The present disclosure generally relates to a laboratory sample distribution system and a laboratory automation system.
Known laboratory sample distribution systems are typically used in laboratory automation systems in order to transport samples contained in sample containers between different laboratory stations. A typical laboratory sample distribution system provides for a high throughput and for reliable operation.
It has been found out that in some cases it is desirable to have some positions marked on a transport plane of a laboratory sample distribution system.
Therefore, there is a need for a laboratory sample distribution system in which positions on a transport plane can be recognized.
According to the present disclosure, a laboratory sample distribution system is presented. The laboratory sample distribution system can comprise a transport plane, a number of sample container carriers, a driver configured to move the sample container carriers on the transport plane, and a control device configured to control the movement of the sample container carriers on top of the transport plane by driving the driver such that the sample container carriers move along corresponding transport paths. A number of optically recognizable geometric shapes are placed on the transport plane, each geometric shape representing a dedicated field on the transport plane.
In accordance with another embodiment of the present disclosure, a laboratory sample distribution system is presented. The laboratory sample distribution system can comprise a transport plane, a number of sample container carriers, a driver configured to move the sample container carriers on the transport plane, a control device configured to control the movement of the sample container carriers on top of the transport plane by driving the driver such that the sample container carriers move along corresponding transport paths, and a flat template having a plurality of holes, the holes arranged and configured for providing outlines of geometric shapes such that these geometric shapes can be drawn optically recognizably on the transport plane using the template when it is placed on the transport plane, each geometric shape drawn on the transport plane representing a dedicated field on the transport plane.
Accordingly, it is a feature of the embodiments of the present disclosure to provide for a laboratory sample distribution system in which positions on a transport plane can be recognized. Other features of the embodiments of the present disclosure will be apparent in light of the description of the disclosure embodied herein.
The following detailed description of specific embodiments of the present disclosure can be best understood when read in conjunction with the following drawings, where like structure is indicated with like reference numerals and in which:
In the following detailed description of the embodiments, reference is made to the accompanying drawings that form a part hereof, and in which are shown by way of illustration, and not by way of limitation, specific embodiments in which the disclosure may be practiced.
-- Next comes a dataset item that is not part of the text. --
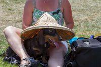 attention au soleil, papa préfère protèger sa fifille que sa tête...!!
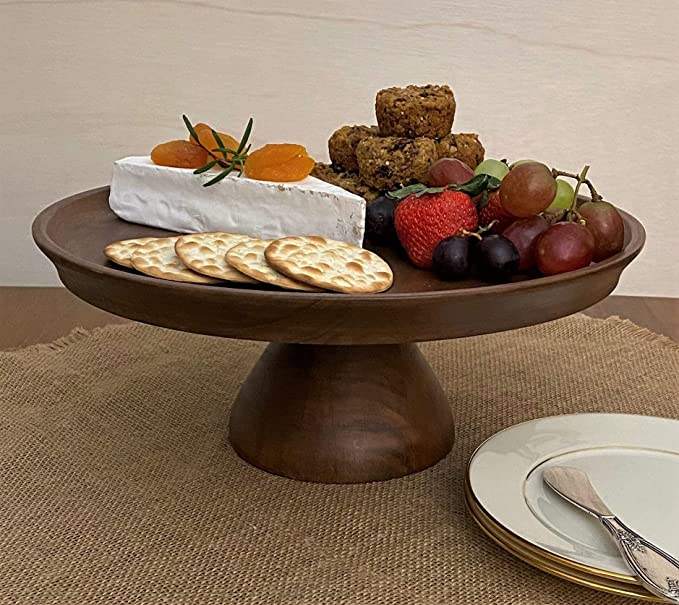 Natural Wood Multipurpose Cake Stand Cupcake & Wedding Platter with Turntables Wooden Cake Holder

It is to be understood that other embodiments may be utilized and that logical, mechanical and electrical changes may be made without departing from the spirit and scope of the present disclosure.
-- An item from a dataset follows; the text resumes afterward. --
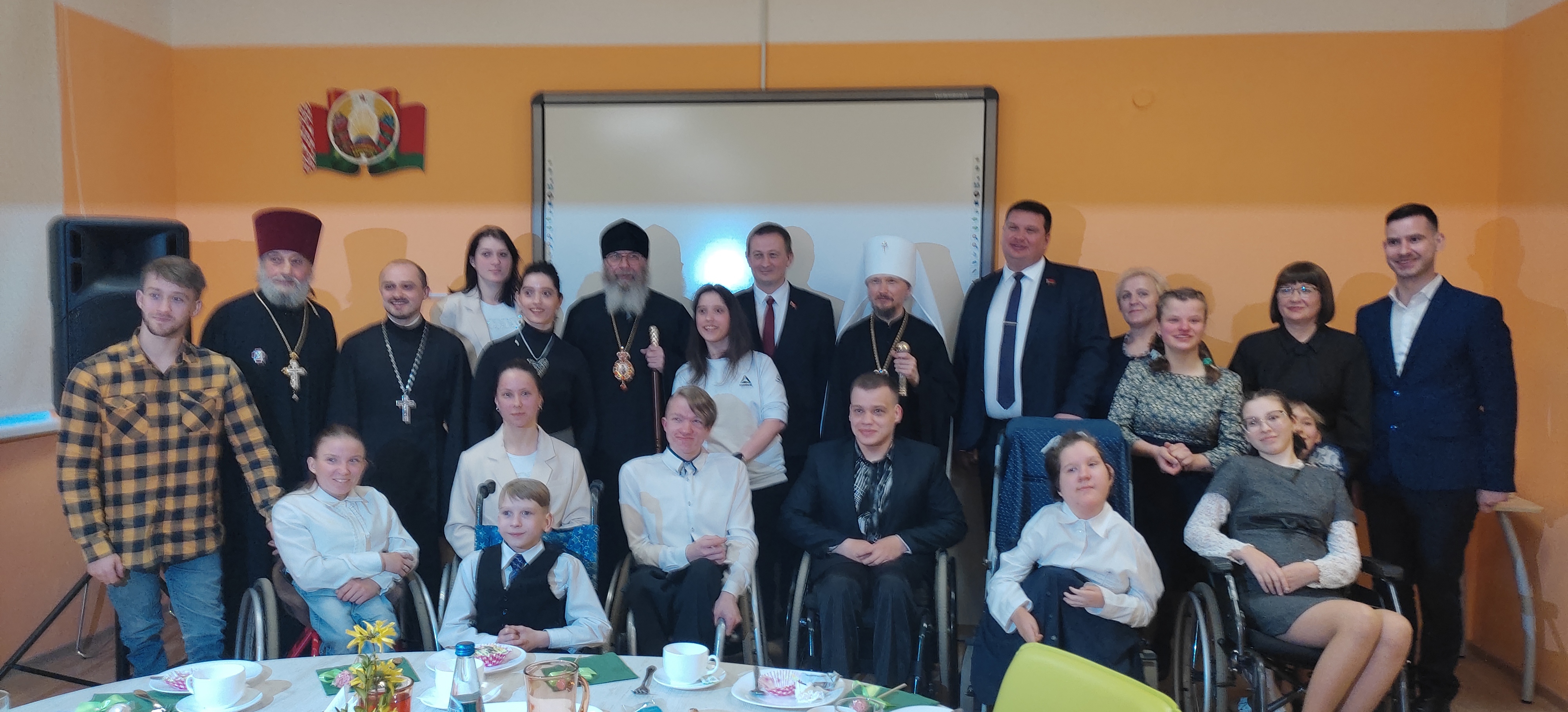 Благотворительная акция «Подари радость ближнему» проходит на этой неделе во всех регионах Минщины. И государственное учреждение «Ивенецкий дом-интернат для детей-инвалидов с особенностями физического развития» не стало исключением, его посетили председатель Минского облисполкома Александр Турчин и Митрополит Минский и Заславский Вениамин, Патриарший Экзарх всея Беларуси. Гости ознакомились с условиями проживания ребят, посетили занятия в трудовых мастерских, библиотеку, сувенирную лавку и молитвенную комнату, далее экскурсия плавно перетекла в общение с проживающими дома-интерната и бывшими воспитанниками, которые приехали на встречу с губернатором и Митрополитом Минским и Заславским Вениамином. Беседа за чашкой чая получилась по-настоящему дружеской и душевной.

A laboratory sample distribution system is presented. The laboratory sample distribution system can comprise a transport plane, a number of sample container carriers, a driver configured to move the sample container carriers on the transport plane, and a control device configured to control the movement of the sample container carriers on top of the transport plane by driving the driver such that the sample container carriers move along corresponding transport paths.
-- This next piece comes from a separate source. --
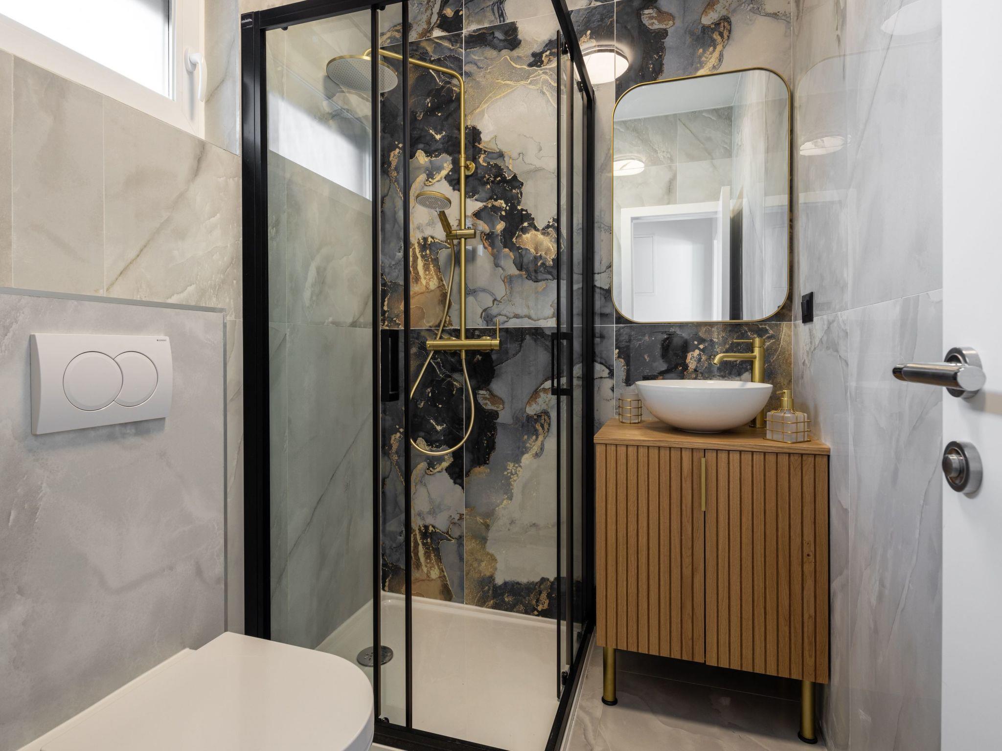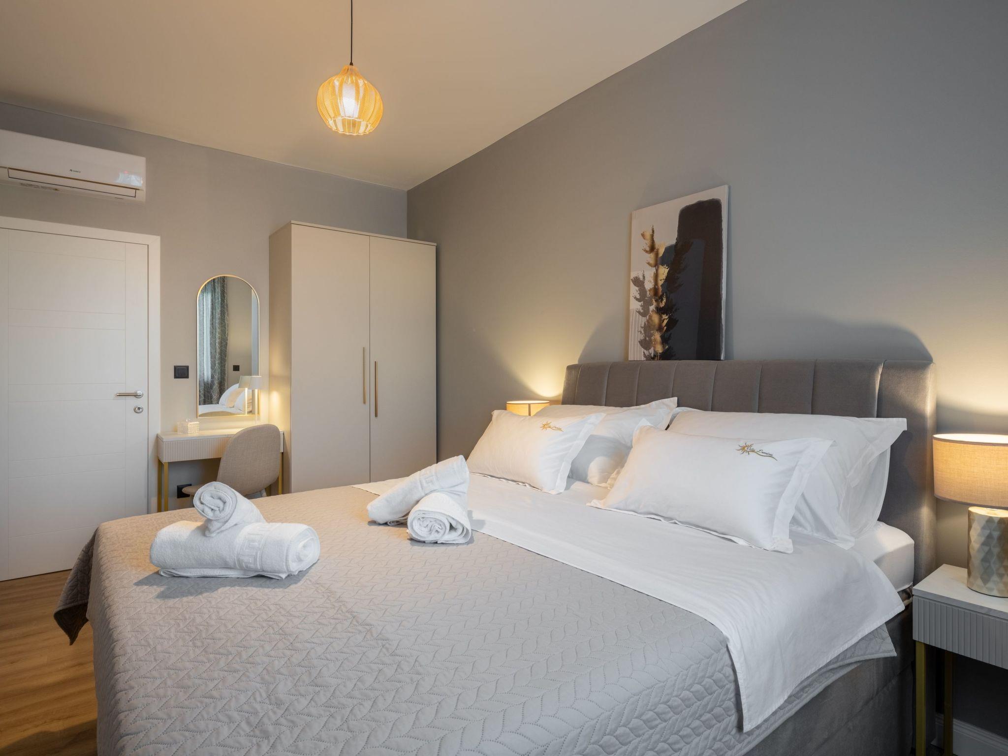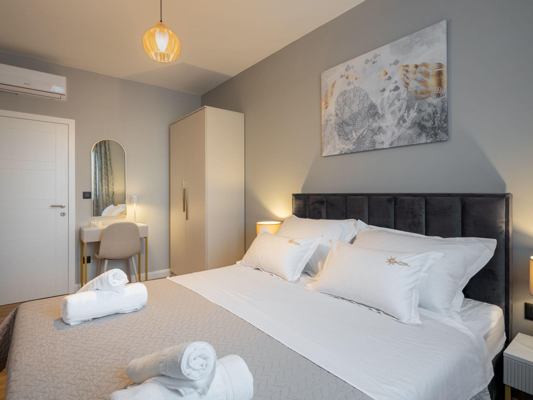 On the ground floor of the villa you can find the kitchen, living room, bathroom and laundry room. On the first floor there are 5 bedrooms and 4 bathrooms. Two bedrooms have their own bathrooms. All bedrooms have a TV and AC. The bed in each room is 200x160. The kitchen is fully equiped so it has an oven, stove, microwave, coffee machine and a dining table for 12 guests. In the living room you can find two sofa beds for two extra guests. You also have a smart TV, different games and chess board.

A number of optically recognizable geometric shapes can be arranged on the transport plane, each geometric shape representing a dedicated field on the transport plane. The driver may be arranged in rows and columns forming a grid. The grid can comprise, or define, a number of fields. The optically recognizable geometric shapes may be arranged on the transport plane to visualize some or all of the fields. This can allow for a schematic visualization of the driver which may typically not be visible due to the typically opaque transport plane.
By use of the laboratory sample distribution system, fields on the transport plane can be marked with the geometric shapes in a manner that can be recognized optically. For example, the fields can be recognized by an operator and/or technically by cameras or other optical recognition systems.
The geometric shapes can be closed geometric shapes.
According to an embodiment, the geometric shapes can be directly printed on the transport plane. The term “directly printed” may imply that a certain amount of color representing the geometric shapes can be disposed directly on the transport plane. Alternatively, the geometric shapes can, for example, be directly printed on the transport plane by modifying the surface of the transport plane, for example by partially removing or roughening the transport plane, by laser texturing, by etching, or the like
According to an embodiment, the geometric shapes can be printed on a sheet covering the transport plane. The sheet can be provided separately from the transport plane and can be placed and fixed on the transport plane.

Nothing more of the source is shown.